What the task requires -
Could you restate the data word for word and drop the pictures?

=== Source data ===

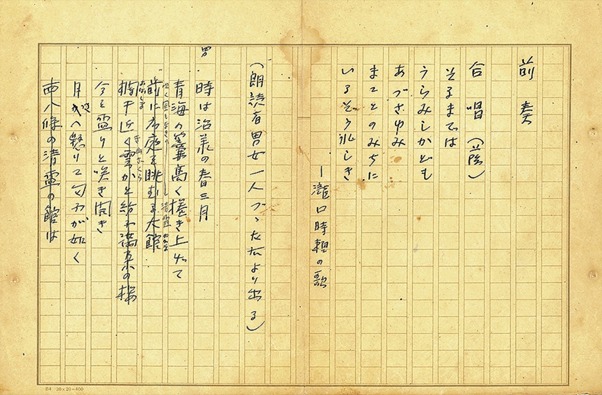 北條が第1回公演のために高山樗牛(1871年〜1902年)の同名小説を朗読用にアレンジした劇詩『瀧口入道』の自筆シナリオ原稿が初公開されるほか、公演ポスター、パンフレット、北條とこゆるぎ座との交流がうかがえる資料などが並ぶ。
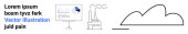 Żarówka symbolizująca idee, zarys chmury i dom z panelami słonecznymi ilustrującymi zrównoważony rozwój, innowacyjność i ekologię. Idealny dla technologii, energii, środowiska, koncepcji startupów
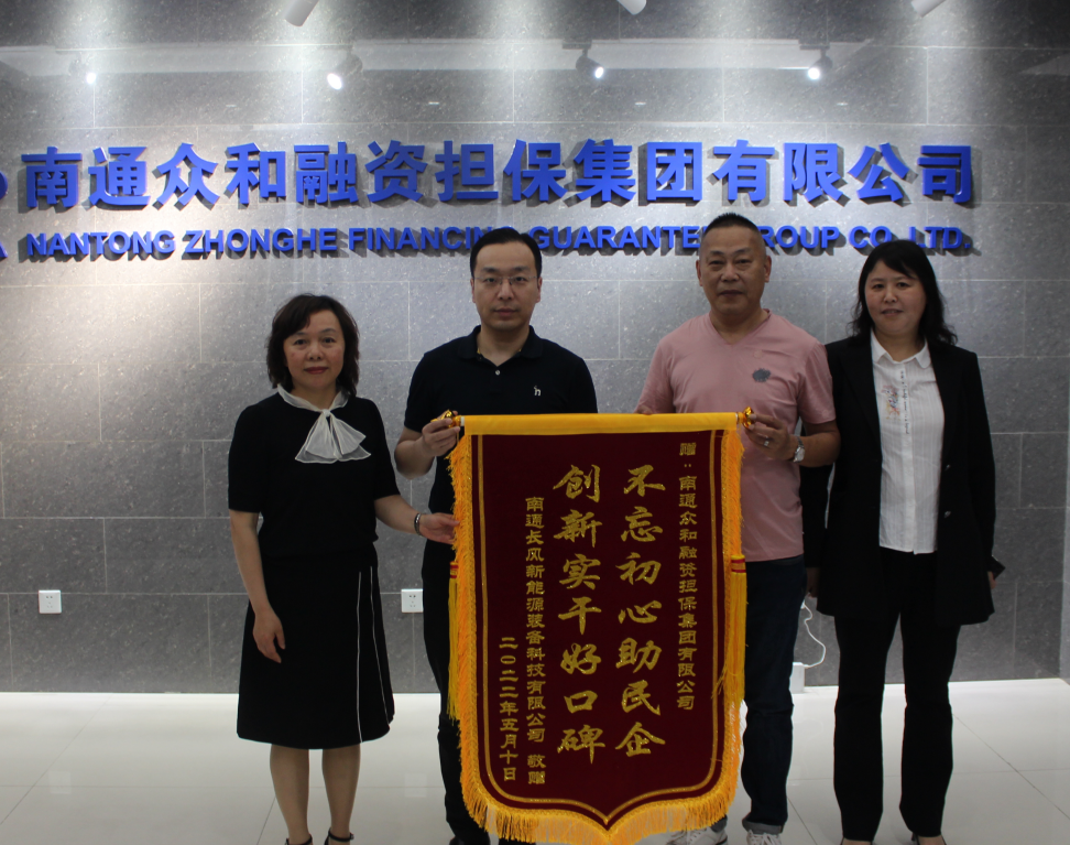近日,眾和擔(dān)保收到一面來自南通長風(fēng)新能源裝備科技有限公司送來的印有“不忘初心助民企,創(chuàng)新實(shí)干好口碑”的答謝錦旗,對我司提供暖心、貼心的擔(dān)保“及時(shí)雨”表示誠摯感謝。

===

Solution to this problem -
 北條が第1回公演のために高山樗牛(1871年〜1902年)の同名小説を朗読用にアレンジした劇詩『瀧口入道』の自筆シナリオ原稿が初公開されるほか、公演ポスター、パンフレット、北條とこゆるぎ座との交流がうかがえる資料などが並ぶ。
 Żarówka symbolizująca idee, zarys chmury i dom z panelami słonecznymi ilustrującymi zrównoważony rozwój, innowacyjność i ekologię. Idealny dla technologii, energii, środowiska, koncepcji startupów
近日,眾和擔(dān)保收到一面來自南通長風(fēng)新能源裝備科技有限公司送來的印有“不忘初心助民企,創(chuàng)新實(shí)干好口碑”的答謝錦旗,對我司提供暖心、貼心的擔(dān)保“及時(shí)雨”表示誠摯感謝。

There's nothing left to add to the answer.